EXPRESS: Static and dynamic perspective on brain activity and functional connectivity alternations in the comorbidity of chronic pain and depression: An fMRI study in rats

Mol Pain. 2026 Apr 8:17448069261443836. doi: 10.1177/17448069261443836. Online ahead of print.

Abstract

Background: Clinically, chronic pain and depression often coexist in multiple diseases and reciprocally reinforce each other, which greatly escalates the difficulty of treatment. The alteration in neural networks underlying the chronic pain/depression comorbidity remains unclear.

Methods: Spared nerve injury (SNI) was performed to establish a rat model of comorbidity of chronic pain and depression. Multimodal fMRI was utilized to acquire neuroimaging data of the rat brain, with BOLD and DTI data used to analyze adaptive changes in brain regions and networks associated with comorbidity.

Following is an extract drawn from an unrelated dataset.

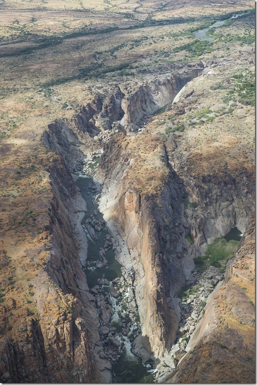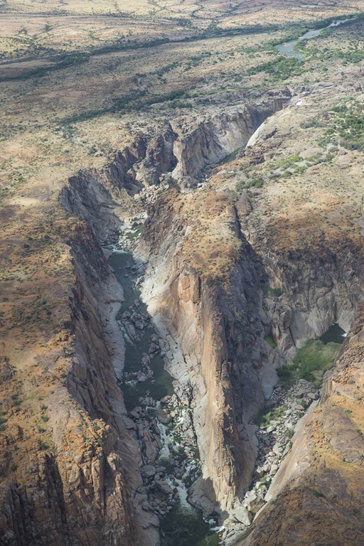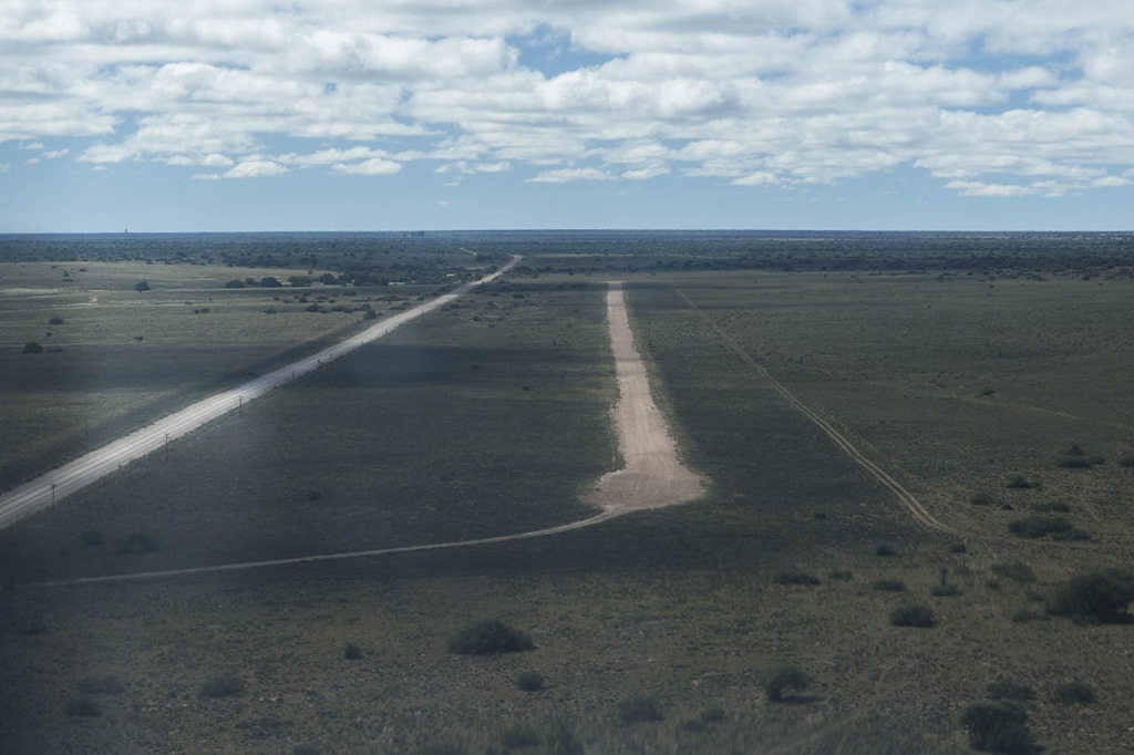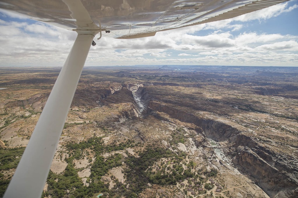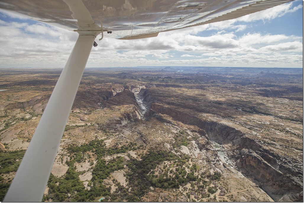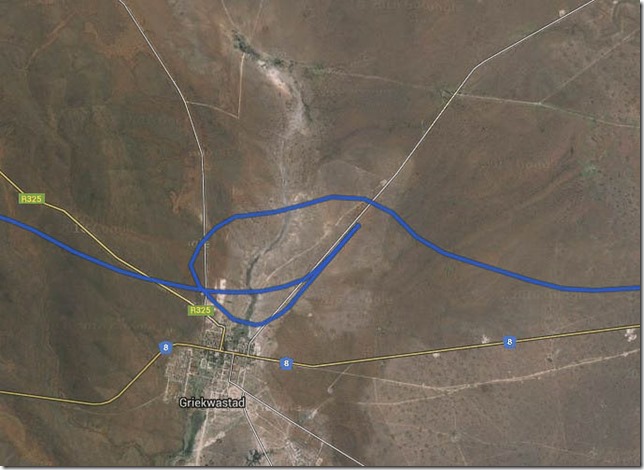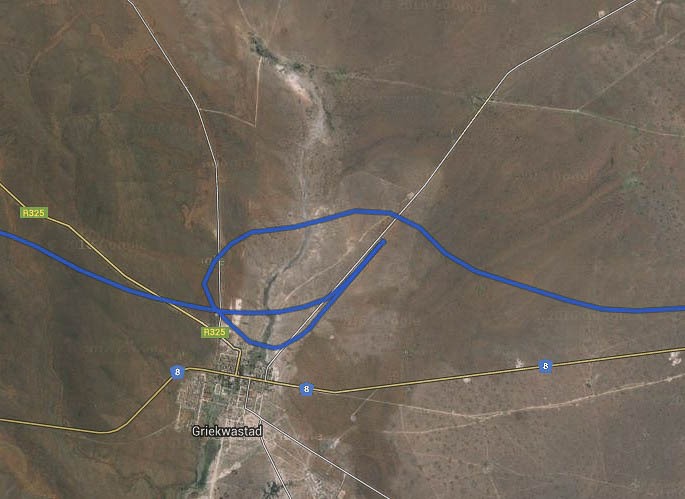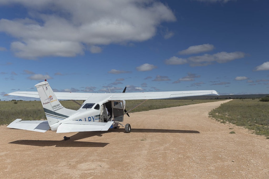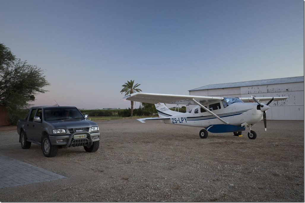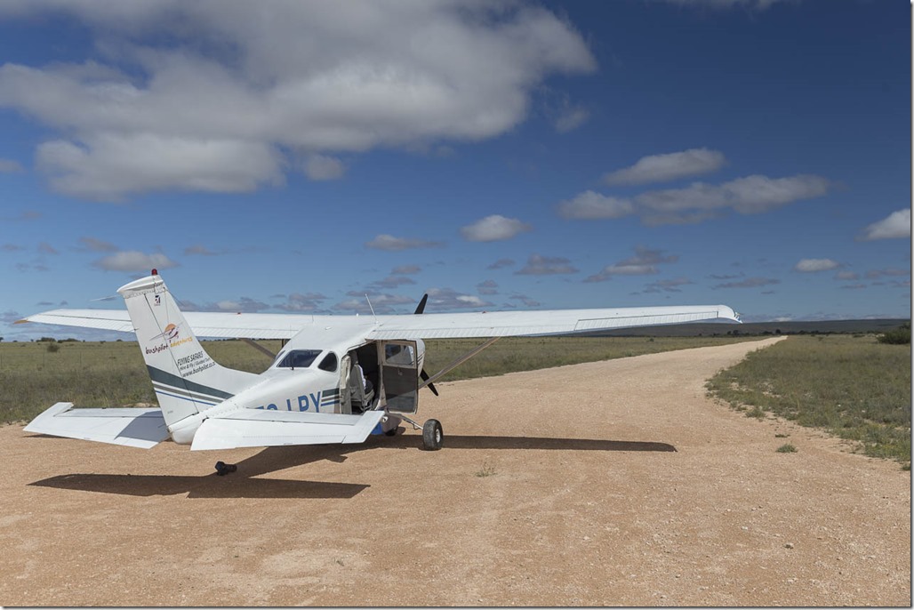 Auf dem Weg zu den Augrabies Falls gab es einen unplanmäßigen Zwischenstopp in Griekwastad, da sich ein Unwohlsein bei gewissen Passagieren eingeschlichen hatte. Wir hatten dafür eigentlich ein anderes Airstrip angepeilt, doch dann tauchte plötzlich unter uns eine viel nähere Alternative auf. Später stellte sich heraus, dass der Airstrip “Tommy’s Field” heisst, zu einer Minengesellschaft gehört und man sich 48 h vorher anmelden sollte …

Results: By integrating static and dynamic ALFF analyses with DTI parameters, six key brain regions (OFR_L, CA1_L, CA3_L, PL_L, Stri_L, and Stri_R) were identified. These regions showed significant associations with both pain-related and depressive-like behaviors and formed a comorbidity-related network centered on the prefrontal cortex, hippocampus, striatum, and primary sensory cortex. Further analyses indicated that the relationship between fMRI features and depressive-like behavior was largely mediated by pain-related processes.

Conclusions: This study reveals network-level neural alterations underlying chronic pain-depression comorbidity and supports a pain-mediated pathway linking brain activity to affective disturbances. These findings provide new insights into the neural mechanisms of this comorbidity and highlight the importance of integrated pain-depression interactions.

Keywords: Amplitude of low-frequency fluctuation; Brain activity; Chronic pain; Comorbidity; Depression; Dynamic functional connectivity; Neural network.